In addition to examining how budget cuts affect the delivery of judicial services, the brief, titled “Courts and the Economy,” addresses how courts’ financial challenges could have an impact on local and state economies. It also considers how other states are shifting more judicial funding from local governments to the state to increase the efficiencies, effectiveness and equity of judicial services.

Since 1994, Indiana case filings have increased 27 percent and the cost per filing increased from $78 to $106, according to the study.

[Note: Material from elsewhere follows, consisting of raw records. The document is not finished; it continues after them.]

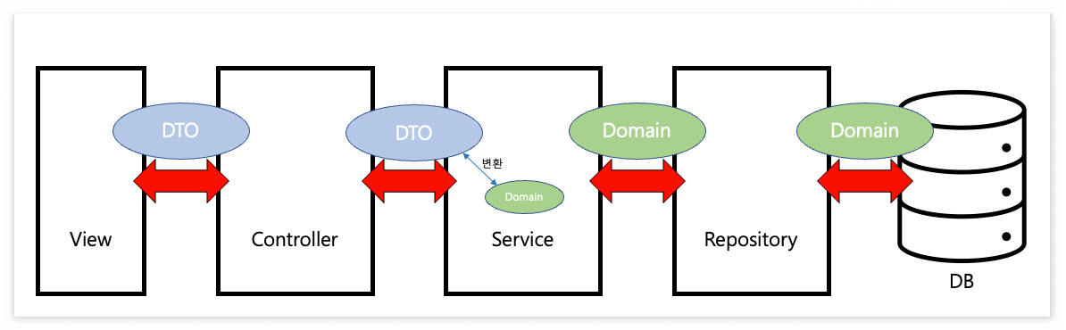 Controller에서 Service로 넘겨줄 때 DTO를 Domain으로 변환한다. Service에서는 Domain 객체를 사용해서 서비스를 수행한다.
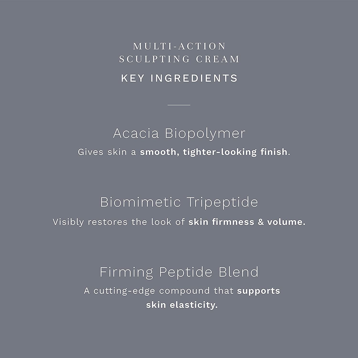 Multi-Action Sculpting Cream works beyond just moisturizing your skin. It’s a luxurious cream designed to help give sagging skin a lifted, tightened, and firmer look. Additionally, this “taut-skin” cream supports your skin’s natural “springiness.” All this adds up to smoother-, tighter-, younger-looking skin.
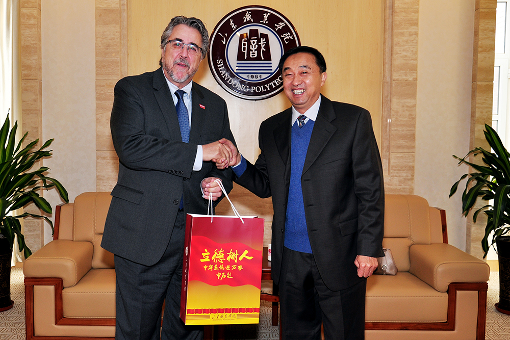 馬慶(qing)渭(wei)向(xiang)Gilbert Heroux先生一行到訪表示(shi)歡(huan)迎(ying),就(jiu)山東(dong)職(zhi)業學(xue)院(yuan)(yuan)國(guo)(guo)際(ji)教育(yu)(yu)交流(liu)(liu)(liu)與合作情況(kuang)作簡(jian)要說明,詳細介紹了學(xue)院(yuan)(yuan)與德國(guo)(guo)、韓國(guo)(guo)、澳大利亞、西班牙、新加坡、臺灣等(deng)國(guo)(guo)家和地區的(de)院(yuan)(yuan)校建立的(de)友好院(yuan)(yuan)校關(guan)系。馬慶(qing)渭(wei)表示(shi),學(xue)院(yuan)(yuan)重(zhong)視國(guo)(guo)際(ji)教育(yu)(yu)交流(liu)(liu)(liu)與合作,注重(zhong)汲取(qu)國(guo)(guo)外現(xian)代優秀教育(yu)(yu)理念,希望能以Gilbert Heroux先生此次(ci)到訪為契(qi)機(ji),院(yuan)(yuan)校雙(shuang)方(fang)就(jiu)師(shi)資培(pei)訓(xun)、師(shi)生交流(liu)(liu)(liu)互訪等(deng)項目進行探討與交流(liu)(liu)(liu),促(cu)進學(xue)院(yuan)(yuan)國(guo)(guo)際(ji)交流(liu)(liu)(liu)與合作,提(ti)高辦學(xue)水(shui)平,提(ti)升人(ren)才培(pei)養質(zhi)量。
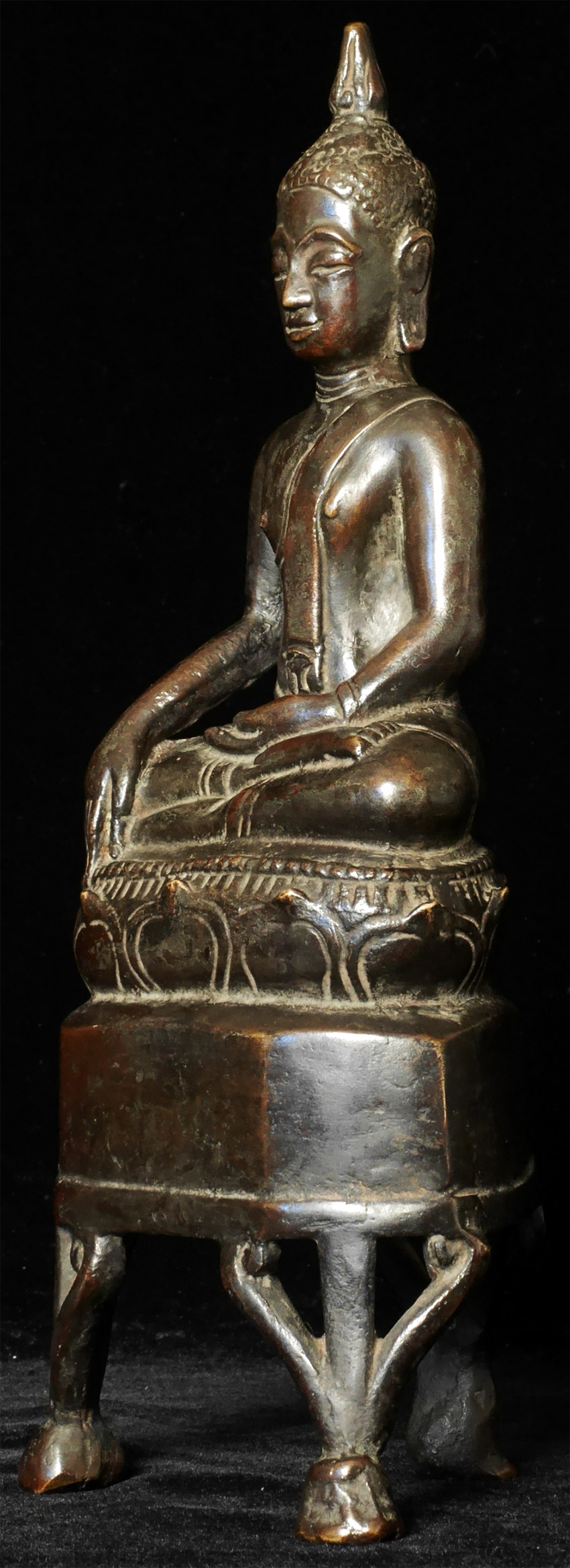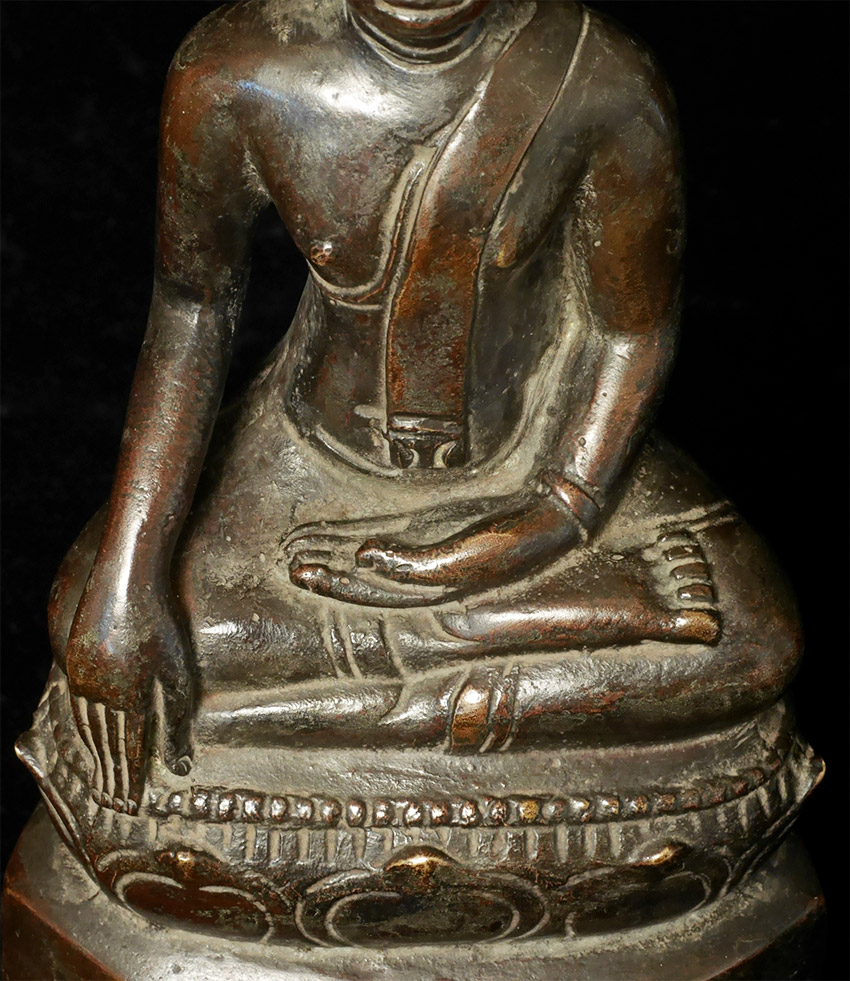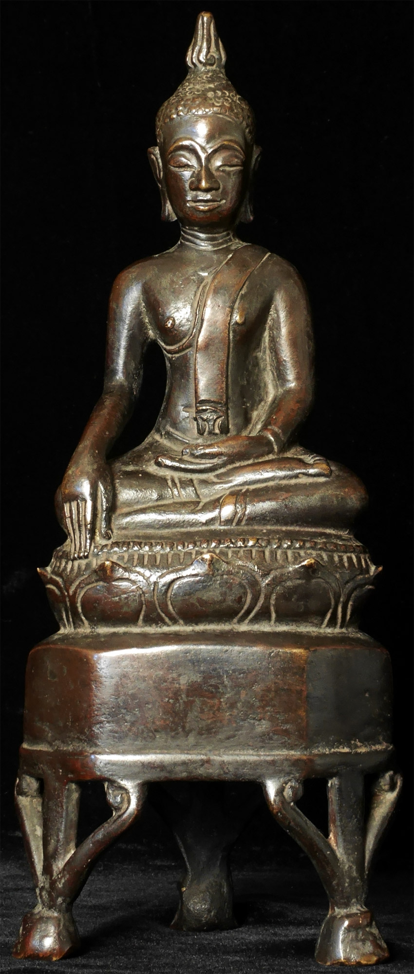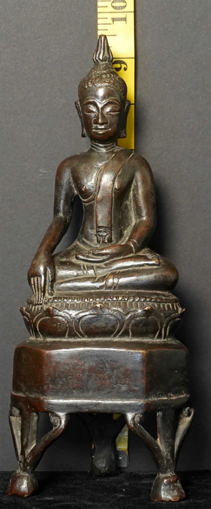 Superb Ayuthaya period Thai Buddha (may be from Northern Thailand) in the range of 300 to 400 years old. Great face, fine casting, great condition- this one has it all. Feet are an uncommon feature. Stands. 9.5 inches tall. Hard to find so nice.
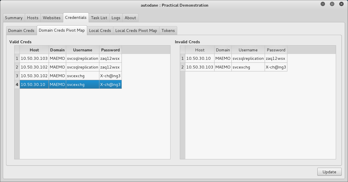 However, the real value comes from the Domain Credentials Map, which shows where different sets of credentials can be used. Ultimately, this will show you which credentials can log into various Domain Controllers.

In 2010, Indiana state and local governments spent nearly $400 million to fund judicial operations, with 66 percent of that total coming from county and municipal governments that were hit hard by the recession of 2008 and by the state’s constitutional amendment capping property tax rates.

“To maintain fiscal discipline, Indiana’s courts were forced to lay off technology and support staff, to freeze salaries, and to reduce overall budget sizes,” the report noted.

The report pointed out that federal cuts forced Indiana Legal Services, which provides legal assistance to low-income Hoosiers, to reduce its budget by 17 percent from 2011 to 2012. In addition, the Marion County Law Library, which provided legal materials to individuals who represent themselves in civil cases, closed as a result of budget cuts.

“Indiana courts have withstood the worst of the 2008 recession, but a revenue-constrained environment in local government creates significant uncertainty for future years,” the report concludes. “The Indiana judiciary can be cautiously optimistic for its future and should use the lessons from other states on how best to improve court operations.”

The full report can be viewed online.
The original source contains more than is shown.